=== What the task asks ===
Pictures in the data should be dropped; transcribe exactly the lines from the one that has "These are 2" through the one that has "メインビジュアルは普段使いし".
Data for this exercise Block Start
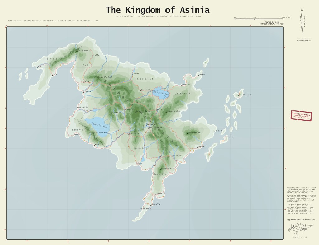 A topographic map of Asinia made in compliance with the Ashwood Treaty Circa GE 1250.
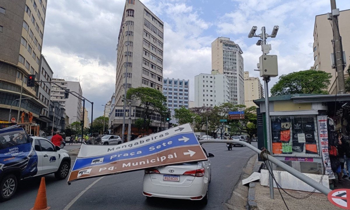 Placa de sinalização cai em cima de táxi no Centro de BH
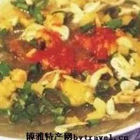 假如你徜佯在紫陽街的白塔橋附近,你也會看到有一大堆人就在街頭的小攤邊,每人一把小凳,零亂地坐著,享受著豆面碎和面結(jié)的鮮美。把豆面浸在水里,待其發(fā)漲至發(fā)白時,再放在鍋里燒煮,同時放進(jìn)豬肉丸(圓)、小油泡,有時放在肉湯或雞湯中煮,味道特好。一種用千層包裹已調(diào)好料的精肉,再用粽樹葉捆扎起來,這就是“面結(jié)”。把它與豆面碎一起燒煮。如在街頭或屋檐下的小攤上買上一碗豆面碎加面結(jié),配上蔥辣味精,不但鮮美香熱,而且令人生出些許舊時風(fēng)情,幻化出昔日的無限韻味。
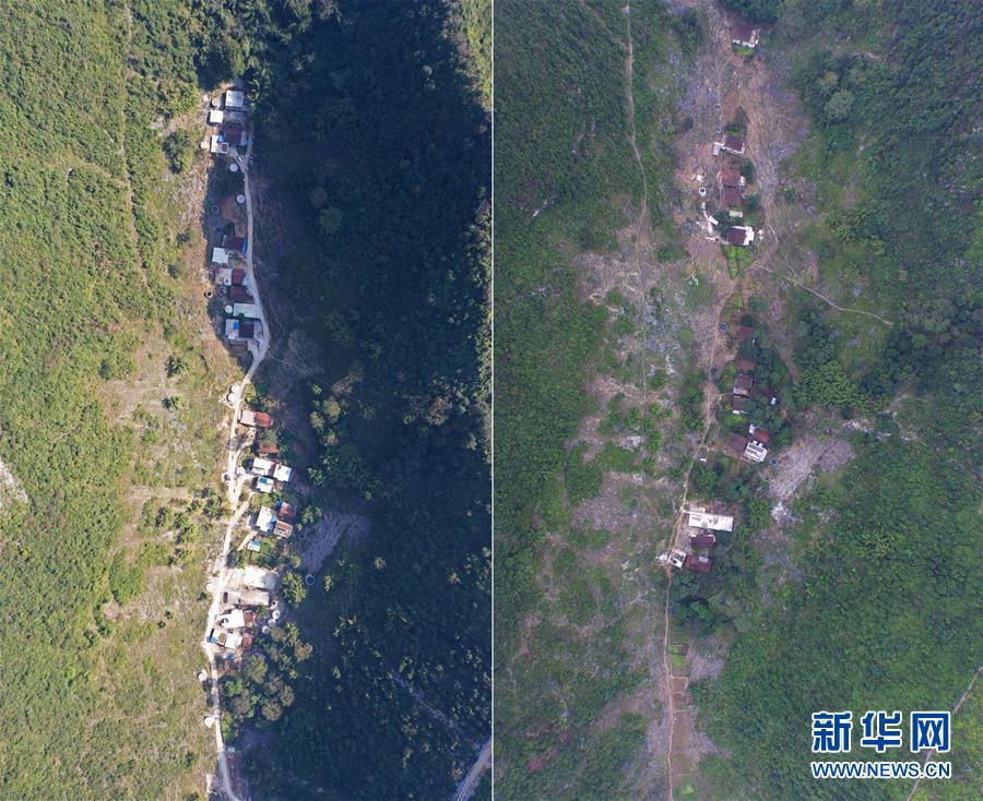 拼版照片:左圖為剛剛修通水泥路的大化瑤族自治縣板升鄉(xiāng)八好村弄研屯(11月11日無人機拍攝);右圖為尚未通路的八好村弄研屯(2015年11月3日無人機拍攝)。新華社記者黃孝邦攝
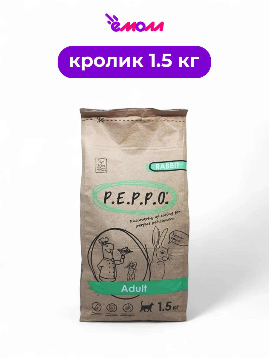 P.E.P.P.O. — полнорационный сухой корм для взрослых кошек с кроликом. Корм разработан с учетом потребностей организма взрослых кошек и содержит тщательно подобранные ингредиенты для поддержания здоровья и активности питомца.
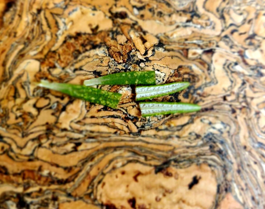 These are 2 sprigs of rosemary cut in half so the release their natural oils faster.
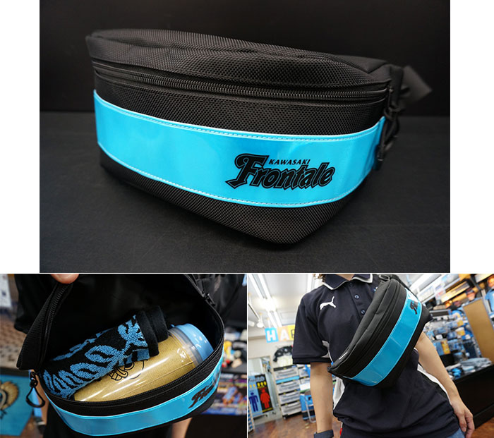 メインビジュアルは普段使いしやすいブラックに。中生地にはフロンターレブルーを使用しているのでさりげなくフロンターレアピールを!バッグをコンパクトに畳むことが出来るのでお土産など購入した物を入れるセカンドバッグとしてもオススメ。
Data for this exercise Block End
Data for this exercise Block Start
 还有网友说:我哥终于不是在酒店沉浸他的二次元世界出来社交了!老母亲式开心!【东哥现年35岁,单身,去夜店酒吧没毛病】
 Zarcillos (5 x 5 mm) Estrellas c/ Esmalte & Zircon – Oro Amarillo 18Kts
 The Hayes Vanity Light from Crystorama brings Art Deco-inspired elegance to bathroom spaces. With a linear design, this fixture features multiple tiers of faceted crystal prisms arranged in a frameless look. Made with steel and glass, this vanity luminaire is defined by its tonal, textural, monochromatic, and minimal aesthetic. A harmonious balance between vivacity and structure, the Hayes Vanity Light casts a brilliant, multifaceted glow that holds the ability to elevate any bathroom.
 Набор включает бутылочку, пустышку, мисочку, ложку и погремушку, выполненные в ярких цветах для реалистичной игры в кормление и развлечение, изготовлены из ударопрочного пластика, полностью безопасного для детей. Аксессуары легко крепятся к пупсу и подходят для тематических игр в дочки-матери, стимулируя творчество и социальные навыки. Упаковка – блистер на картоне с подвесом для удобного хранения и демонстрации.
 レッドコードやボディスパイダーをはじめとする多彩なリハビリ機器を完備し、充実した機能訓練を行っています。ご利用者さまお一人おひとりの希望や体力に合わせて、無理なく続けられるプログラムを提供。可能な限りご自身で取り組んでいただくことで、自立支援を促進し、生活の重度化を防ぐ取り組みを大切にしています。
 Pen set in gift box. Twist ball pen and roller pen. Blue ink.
Data for this exercise Block End
=== Expected answer ===
 These are 2 sprigs of rosemary cut in half so the release their natural oils faster.
 メインビジュアルは普段使いしやすいブラックに。中生地にはフロンターレブルーを使用しているのでさりげなくフロンターレアピールを!バッグをコンパクトに畳むことが出来るのでお土産など購入した物を入れるセカンドバッグとしてもオススメ。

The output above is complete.